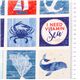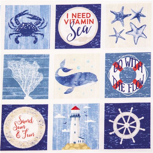 de Michael MillerTela EE. UU. recuadros del mar con cangrejo ballena azules tela de algodón blanco, azul y rojo con motivos de la costa en recuadros, incluye animales y frases como 'go with the flow', estrella de mar, coral, ballena, cangrejo, ancla, faro, timón, etc. tela americana de EE. UU. 100% algodón, con la gran calidad propia de Michael Miller
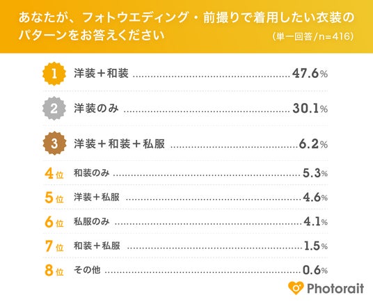 複数の衣装を組み合わせたパターンが選ばれていることより、多様なスタイルで思い出を残したいと考えていることがうかがえます。
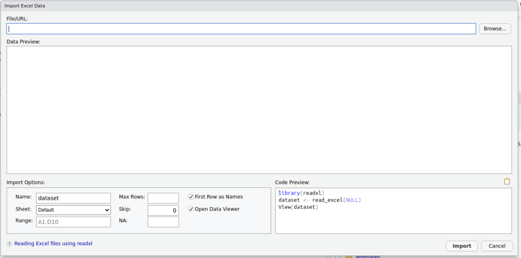 Biasanya import data Rstudio menggunakan file .csv, agar lebih mudah mari kita gunakan .xlsx saja.
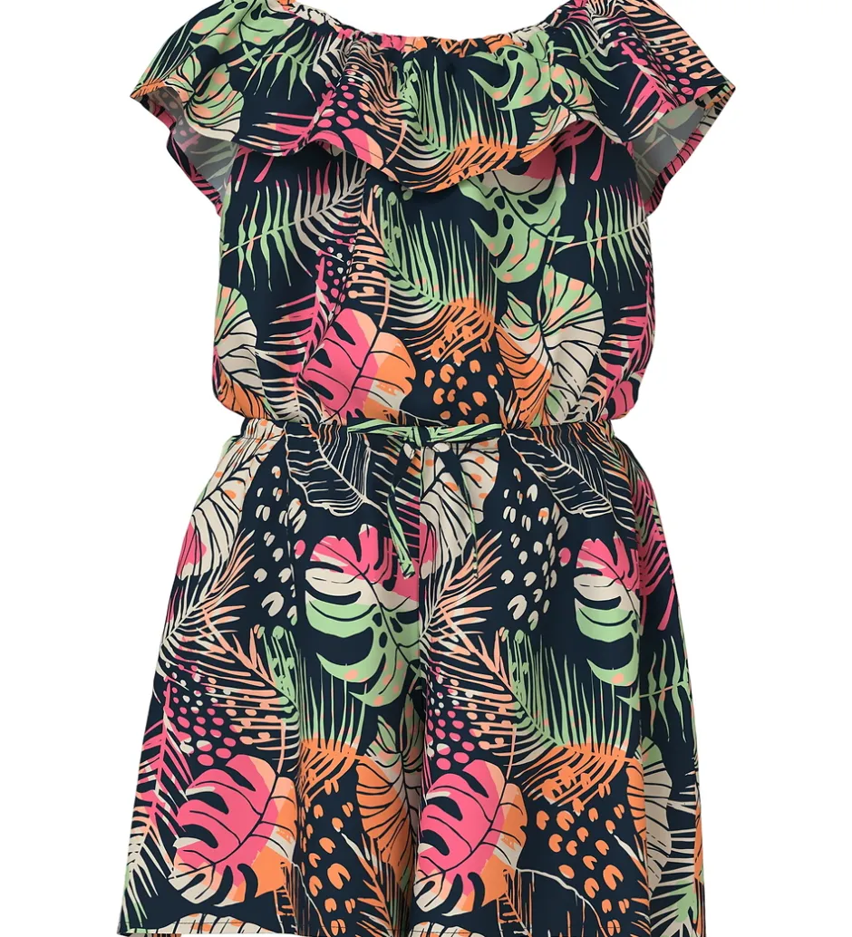 Fremragende Name It buksedragt med et tropisk bladmønster i grønne, pink, orange og beige nuancer på en mørk baggrund.
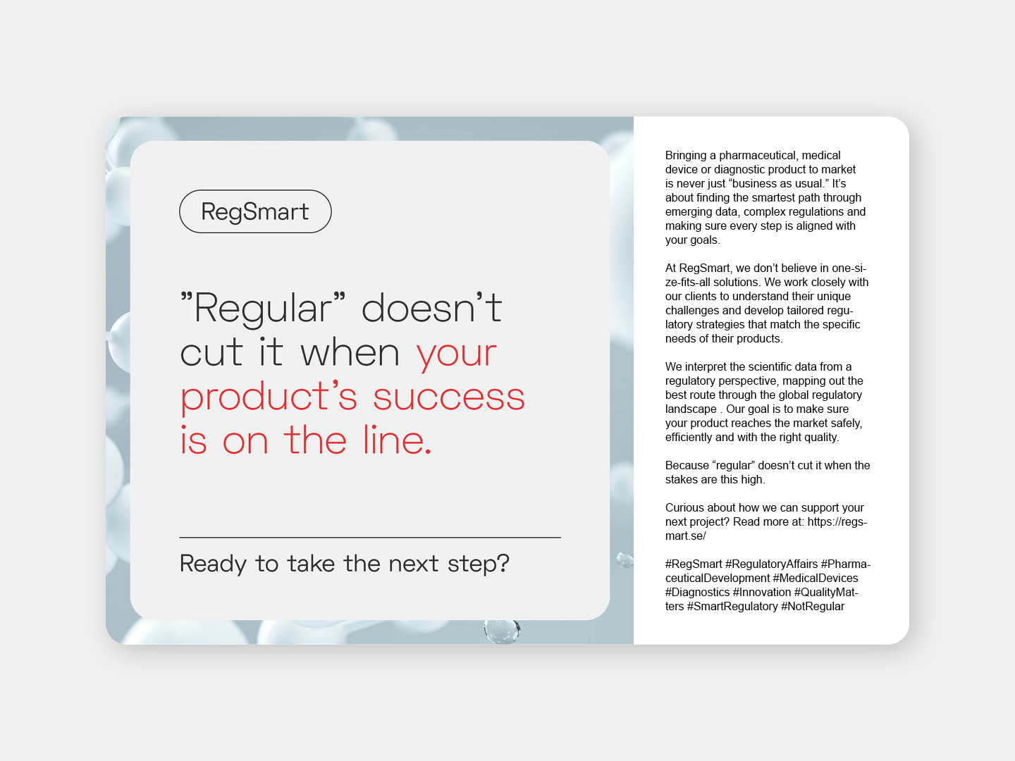RegSmart hjälper life science- och medtech-bolag att navigera komplexa regulatoriska krav. Med skarp affärsförståelse och hög specialistkompetens är de mer partner än konsult. När RegSmart ville stärka sitt uttryck och ta plats digitalt fanns det ett tydligt utgångsläge: det här är inte ett vanligt regulatoriskt bolag.
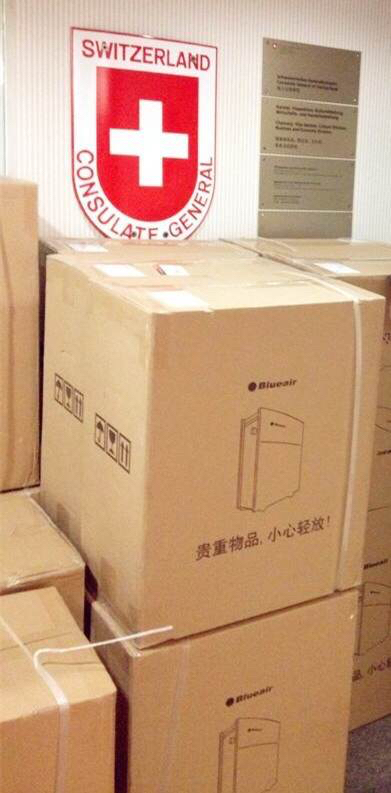中国区上海瑞士使馆使用的是BLUEAIR空气净化器,而不是使用瑞士本土的IQAIR品牌空气净化器
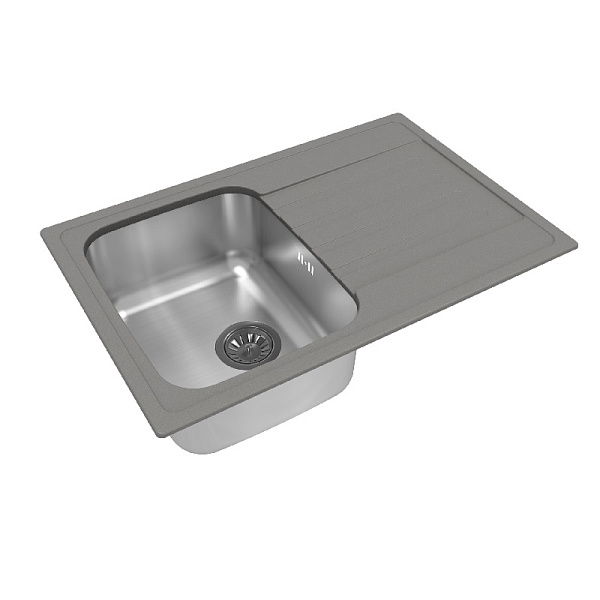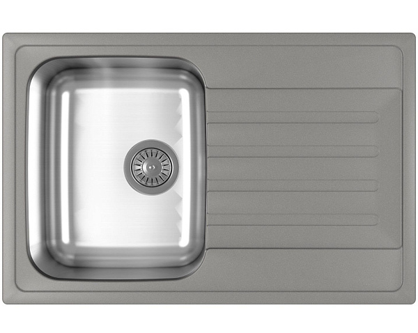 Мойка оснащена одной глубокой чашей и удобным крылом, которое можно использовать как дополнительную рабочую поверхность или зону для сушки посуды. Размер 760×500 мм обеспечивает достаточно пространства для комфортной работы, а врезной тип установки позволяет органично интегрировать мойку в столешницу.
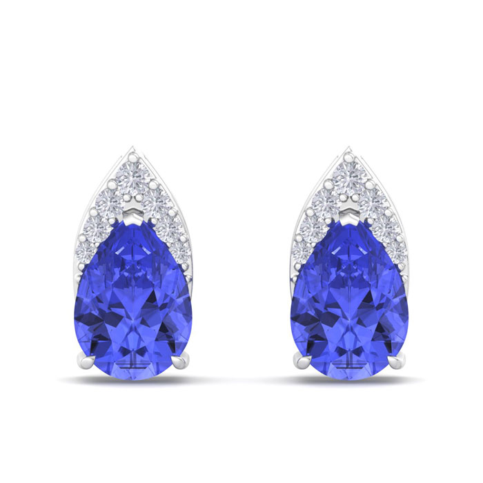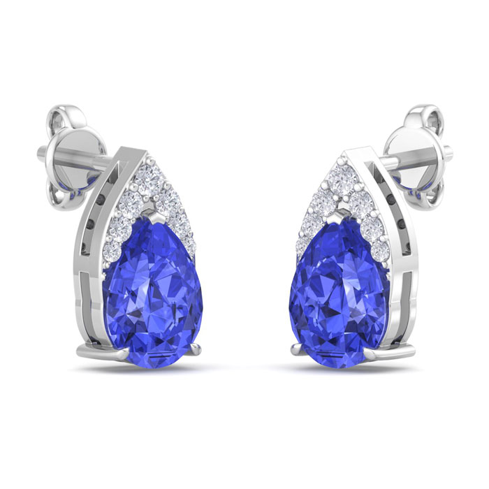 These gemstone earrings feature 2 sparkling pear shape tanzanite gemstones each weighing approximately 3/4 carats. They are surrounded with a crown of 14 diamonds totaling approximately 1/5 carat. Total carat weight is 1 3/4 carats. Diamond color is I-J, diamond clarity I1-I2. These earrings are in 14 karat white gold and have comfortable and secure post with friction backs.
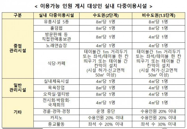 - 사전 등록‧예약제 등으로 운영되어 인원 게시 필요가 없는 시설 등은 대상에서 제외하고, 불특정 다수가 입장하여 밀집도 관리가 필요한 시설은 추가하는 등 조정하였다.
════════════════
▶ _WORK INSTRUCTIONS_:
Set down exactly the lines above, from the line containing "Fremragende Name It" through the line containing "Мойка оснащена одной". Skip the pictures.

▶ _ANSWER BELOW_:
 Fremragende Name It buksedragt med et tropisk bladmønster i grønne, pink, orange og beige nuancer på en mørk baggrund.
RegSmart hjälper life science- och medtech-bolag att navigera komplexa regulatoriska krav. Med skarp affärsförståelse och hög specialistkompetens är de mer partner än konsult. När RegSmart ville stärka sitt uttryck och ta plats digitalt fanns det ett tydligt utgångsläge: det här är inte ett vanligt regulatoriskt bolag.
中国区上海瑞士使馆使用的是BLUEAIR空气净化器,而不是使用瑞士本土的IQAIR品牌空气净化器
 Мойка оснащена одной глубокой чашей и удобным крылом, которое можно использовать как дополнительную рабочую поверхность или зону для сушки посуды. Размер 760×500 мм обеспечивает достаточно пространства для комфортной работы, а врезной тип установки позволяет органично интегрировать мойку в столешницу.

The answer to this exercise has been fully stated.